*Required action*
For this exercise, report every line of the material that includes "would".

*Records*
'''

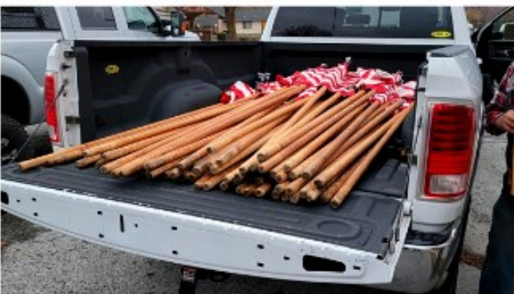
These are flags in the back of Mark Smith's truck
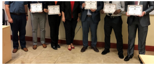
THIRD PLACE: Achievement Award, Team 1
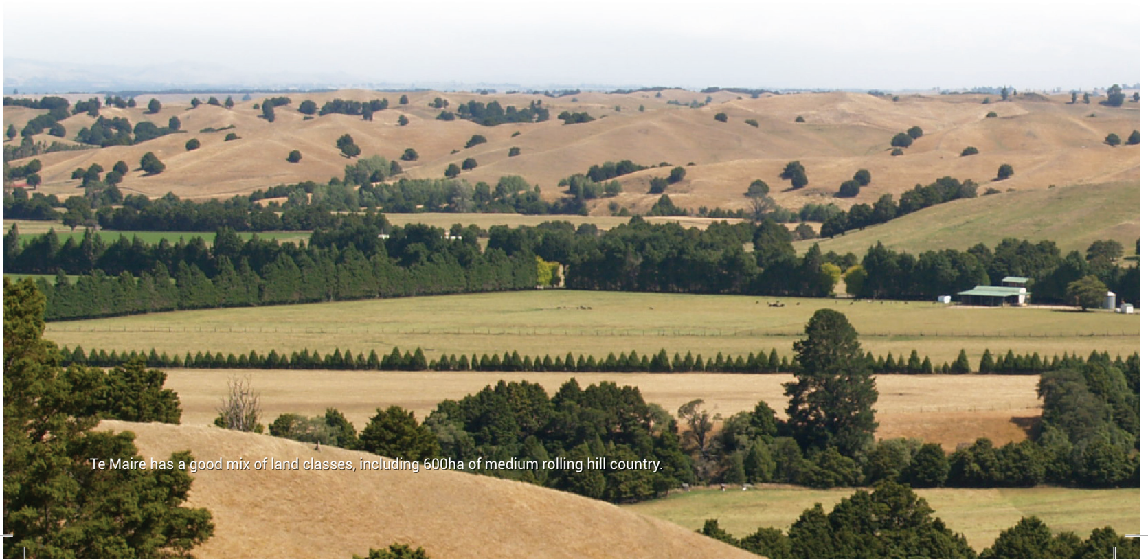
Te Maire has a good mix of land classes, including 600ha of medium rolling hill country.
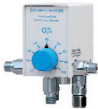
HIGH/LOW FLOW with three outputs
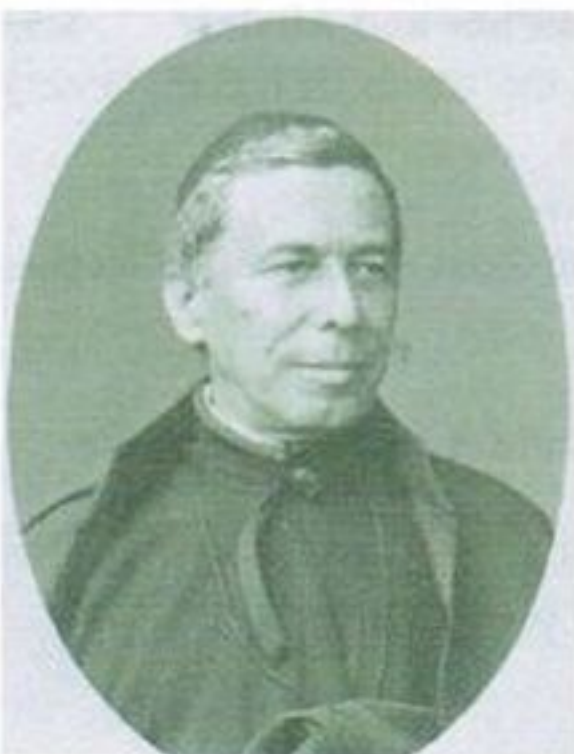
Fr. Angelo Secchi S.J.

Of all those in charge of the Observatory, the most famous was Father Angelo Secchi (1818-1878). He made contributions to many areas of astronomy. He invented the heliospectograph, for example. Through the use of prism he was able to analyse the spectra of the different stars. This helped determine the temperature and chemical make-up of a star, and much more. Fr. Secchi had a special interest in the Sun. He observed and made drawings of solar eruptions and sunspots. This area of study remains very important in our own time, as people become more and more aware of the effect of such things on our planet. How would a major flare from the sun affect our communications, so dependent on satellites, for example?
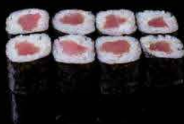
SH 48 Tuna Maki 金枪鱼希 $11.00
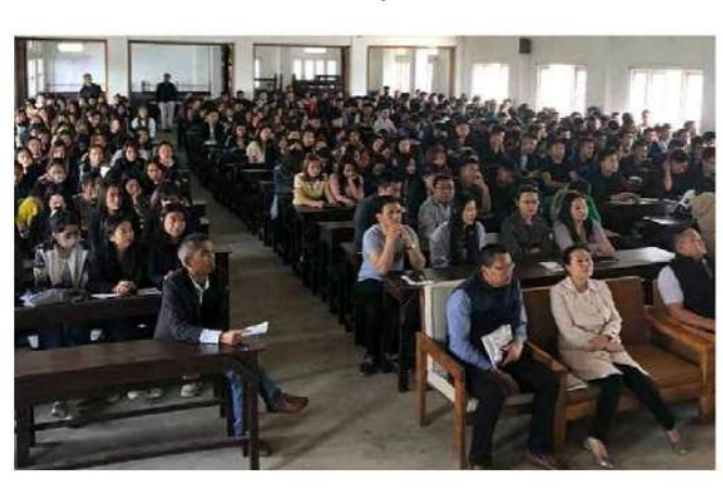
13th March 2020
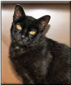
BAKLAVA Neutered Male Short Hair (DSH) Black Approximate DOB: February 2019
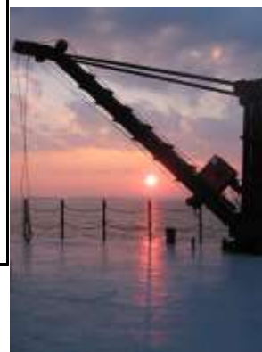
Beautiful sunsets, as well as sunrises, to be seen from the deck of the light.
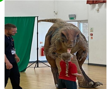
What a great experience for Nursery and Reception from TeachRex – the children got to interact with baby dinosaurs, creating a fun and safe environment for learning.
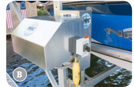
R18LT Winch with RGC VL Direct Drive
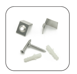
Mounting Clip (metal)
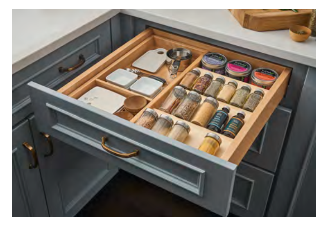
See more ways to organize spices on pages 6 and 14.
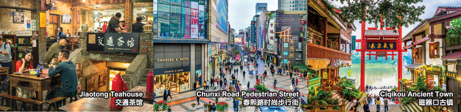
Jiaotong Teahouse 交通茶馆
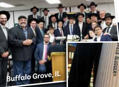
Buffalo Grove, IL
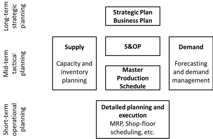
Figure 1 The Sales and Operations Planning process in the context of various types of business planning. Adapted from Figure 2-1 in Wallace & Stahl (2008).
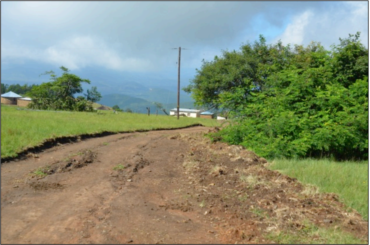
Figure 9. Start of road upgrade
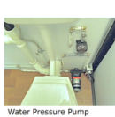
Water Pressure Pump
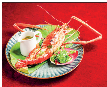
This image showcases the sample royal meals rediscovered in their original style.

"The royal meals of Konbaung have long since disappeared. I would say that they were only eaten by royal family members. Ordinary people didn't eat them. That is why we carefully researched and rediscovered the lost cuisine so that other people could also
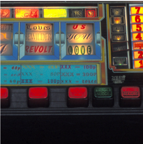
A 'no-win' line Credit: David Cotterrell (1997)
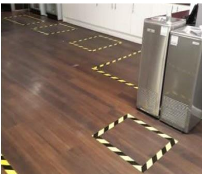
Distancing markers in a kitchen
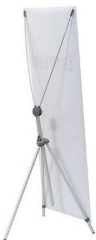
XB - Smart
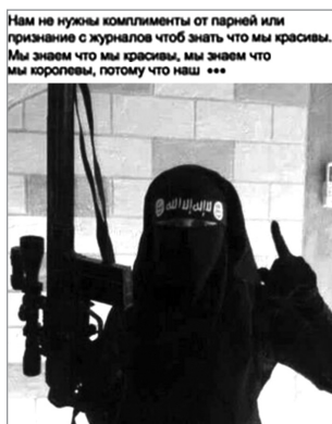
Meme 3. Russian Language, 2015.

In jihadi content, hijab should not reveal the shape of the body, and must be in the tradition of black to prevent jealousy from female and male onlookers. Hijab obliges women to seek approval from God, not man, and discourages false worshiping of material goods like make-up and unnatural beauty. Meme 3 translates from Russian as, “We don’t need compliments from boyfriends or recommendations from magazines to know we are pretty. We know that we are beautiful, we know that we are queens...”
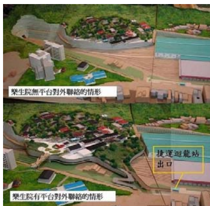
photo1)The last landscape Determined by the Government

1) Because seriously geological damages, slip, Please request Taiwan authorities to "Suspend MRT Construction", not to be deceived by politicians and plutocrats who claim estate developing for "public benefit".

'''

*Problem solution*
Of all those in charge of the Observatory, the most famous was Father Angelo Secchi (1818-1878). He made contributions to many areas of astronomy. He invented the heliospectograph, for example. Through the use of prism he was able to analyse the spectra of the different stars. This helped determine the temperature and chemical make-up of a star, and much more. Fr. Secchi had a special interest in the Sun. He observed and made drawings of solar eruptions and sunspots. This area of study remains very important in our own time, as people become more and more aware of the effect of such things on our planet. How would a major flare from the sun affect our communications, so dependent on satellites, for example?
"The royal meals of Konbaung have long since disappeared. I would say that they were only eaten by royal family members. Ordinary people didn't eat them. That is why we carefully researched and rediscovered the lost cuisine so that other people could also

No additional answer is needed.